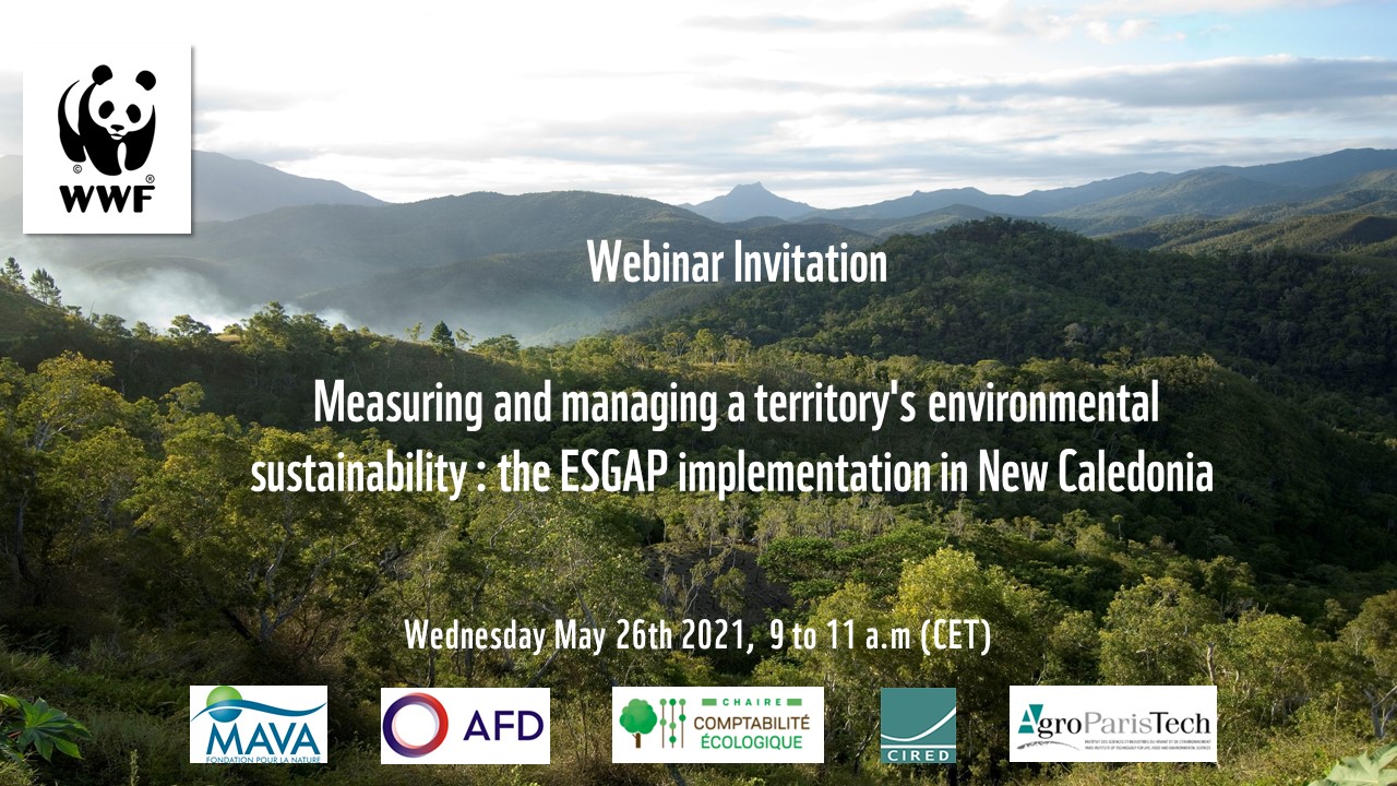Alizee Masson Created an Event 4 years ago Measuring and managing a territory's environmental sustainability: the ESGAP implementation in New Caledonia 26 MAY 2021 Register WWF France In 2020, WWF-France, the French Development Agency (AFD), and the Ecological Accounting Chair (AgroParisTech and Paris Dauphine University) conducted a collaborative study to implement the ESGAP dashboard and composite indicators SES and SESP in New Caledonia (French overseas territory). In order to disseminate these results and recommendations of this work, but also to discuss future perspectives for the ESGAP model, WWF-France will organize a special French - English* webinar on May 26th, 9h-11h (CET) Please find the program below. *As most interventions will be in French, interpretation service will be available for non-French speaking attendees. PROGRAM 9h - 9h10 Introduction - Véronique Andrieux - CEO - WWF-France 9h10 - 9h25 ESGAP Presentation - Oskar Lecuyer - Economist - Agence Française de Développement 9h25 - 9h50 Methodology and results for the pilot project in New Caledonia: Harold Levrel, Researcher, Professor of ecological economics & Adrien Comte, Postdoctoral research fellow - CIRED / AgroParisTech / Ecological Accounting Chair 9h50 - 10h10 Drawing the path to sustainability in New Caledonia - Liking ESGAP with the local advocacy strategy - Alizée Bonnet - Ecological Transition Officer - WWF-France 10h10 - 10h30 ESGAP and the strong sustainability approach at a national level - Ciprian Ionescu - Head of Natural Capital - WWF-France 10h30 - 10h50 The “state of the environment" report in France - Irénée Joassard - Head of the state of the environment office - Commissariat Général au Développement Durable / Ecological Transition Ministry 10h50 - 11h Conclusion - Paul Ekins - Professor of resources and environmental policy, Director of UCL Institute for Sustainable Resources - University College of London Tags Natural Capital ESGAP New Caledonia Strong Sustainability WWF France AFD Ecological Accounting Chair Share Share on Facebook Share on Twitter LinkedIn Add this Repost 1 like 0 comments
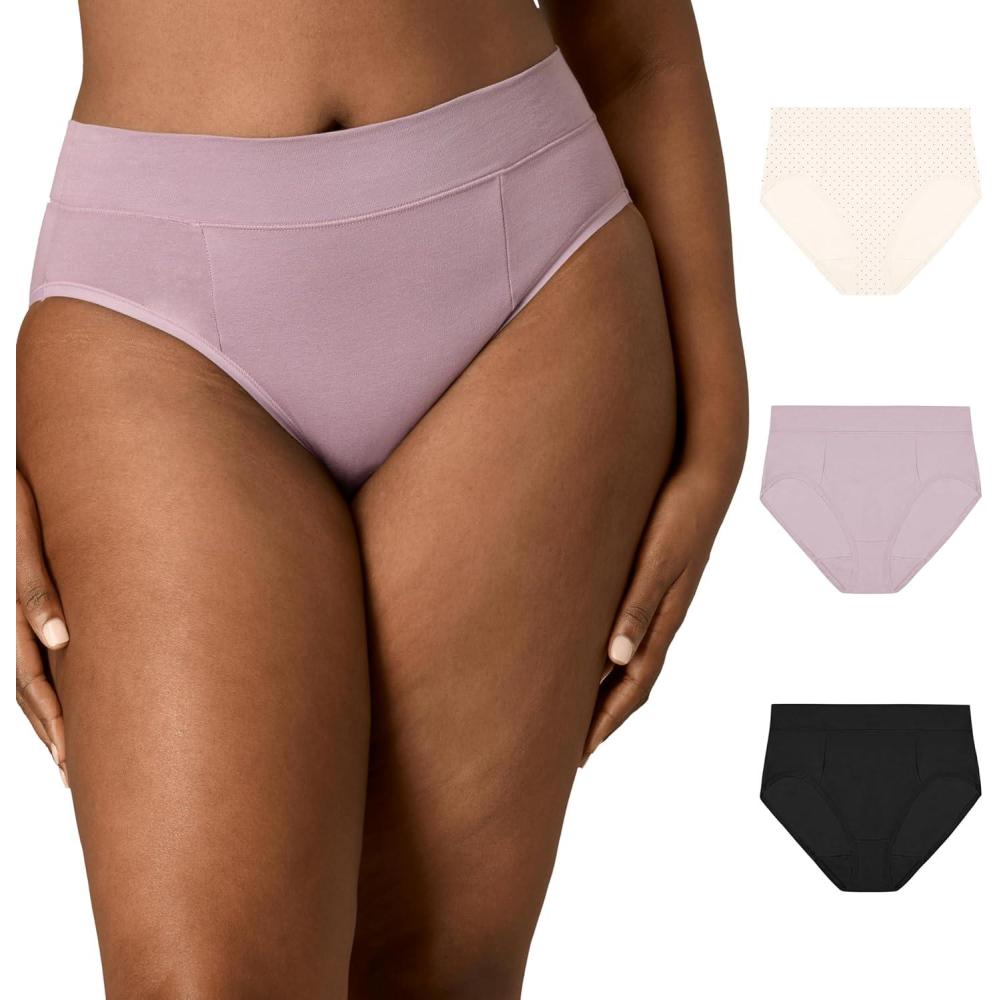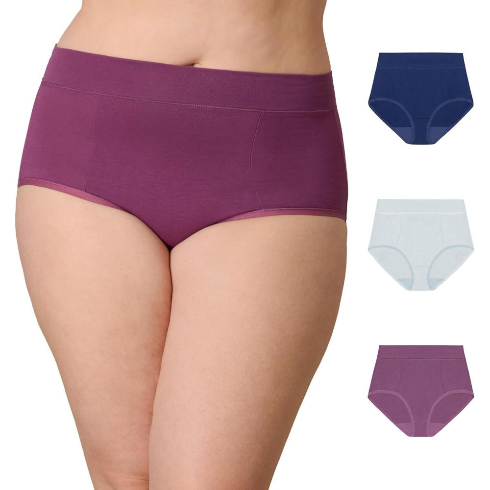 PLAYTEX womens High-cut Brief Underwear Pack, Plus-size Underwear Available, Tummy Smoothing, 3-pack(Sail Away Navy/New Rain Cloud Heather/Plum Dandy)
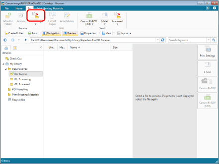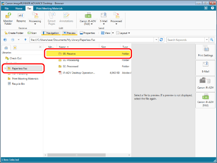 Select the [Fax] tab to switch the ribbon display. Select the "00. Receive" folder in the "Paperless Fax" folder.
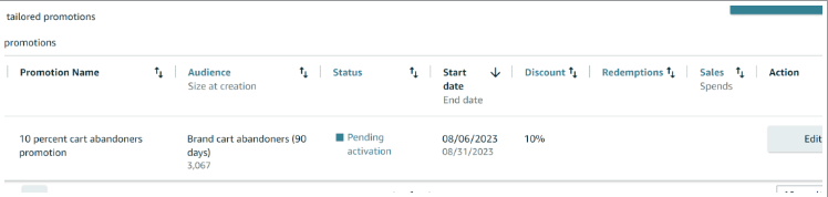 点击提交后,亚马逊还需要 24-48 小时来审核。返回此页面查看活动是否已获得批准,然后在启动后查看其活动进行概况。

§ TASK INSTRUCTIONS
In the data above, find the line containing "PLAYTEX womens High-cut"; from there, please write out each line through the end, exactly, with the pictures omitted.

§ ANSWER TO THE PROBLEM
 PLAYTEX womens High-cut Brief Underwear Pack, Plus-size Underwear Available, Tummy Smoothing, 3-pack(Sail Away Navy/New Rain Cloud Heather/Plum Dandy)
 Select the [Fax] tab to switch the ribbon display. Select the "00. Receive" folder in the "Paperless Fax" folder.
 点击提交后,亚马逊还需要 24-48 小时来审核。返回此页面查看活动是否已获得批准,然后在启动后查看其活动进行概况。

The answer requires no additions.